Fig 1.
A) Three and two-generation family configurations useful for inferring recombination events (type I in blue on the left and type II in yellow on the right). B) An example pedigree in which one type I (in blue) and two type II families (in yellow with stripe patterns) can be extracted.
Fig 2.
The steps of Recombulator-X are represented on the left column of the figure, while we reported a simplified example on the right using just three X-STRs.
1) Preprocessing: Recombulator-X reads the PED file, performs preliminary quality checks, extracts the informative type I and type II families and phases all the females, whenever their father is available. 2) Likelihood computation, depending on the family type: in the case of a phased mother (type I family), the likelihood (L1) of each possible recombination is computed and summed up. Here, the red crosses indicate genetic incompatibilities (mutations greater than one repeat), while the single red lines correspond to compatible single-step mutations. When the grandfather is not available (and thus the mother cannot be phased, type II family), this process is repeated for each possible maternal phase (L2). 3) In the last step—optimization—the likelihood of the entire dataset is computed by multiplying together the likelihood of each family and Recombulator-X searches the parameters (recombination and mutation rates) that maximize the global likelihood.
Fig 3.
Mean time needed to compute the likelihood for one family typed over up to 10,000 markers.

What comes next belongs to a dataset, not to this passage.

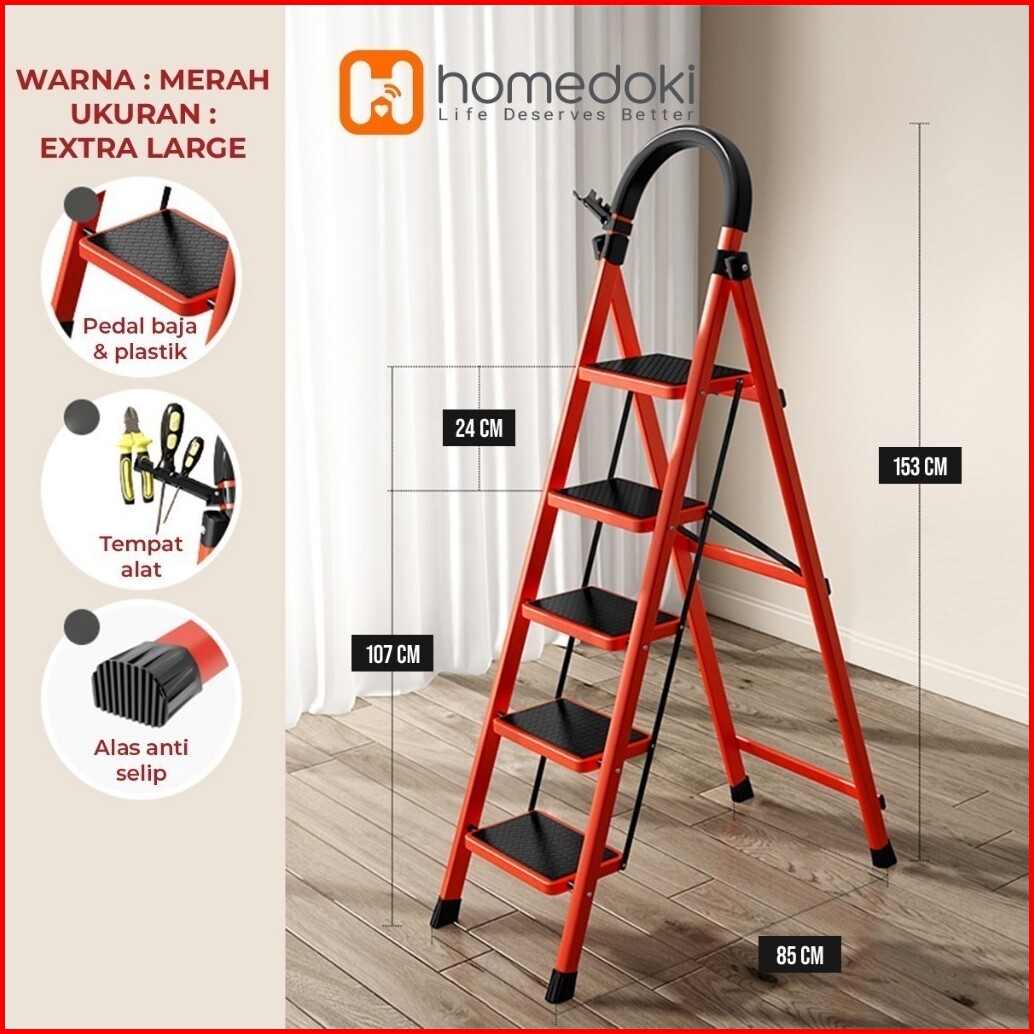 Homedoki Tangga Rumah Lipat Tangga Besi Lipat 3 4 Step Household Steel Ladder Tangga Lipat Aluminium 4 Step Premium Ladd

Each implementation is represented with a different colour, while the linestyle refers to family types. The y axis is in log scale. For each implementation, the number of markers was progressively increased until the computation time went above one second per family.
Fig 4.
Recombination and mutation estimation times using the fastest (dynamic-numba) likelihood implementation depending on the number of markers.
A simulated dataset of 100 type I families (A) and one of 100 type I and 100 type II families (B) were tested. Times are in seconds, with a logarithmic axis for the right panel.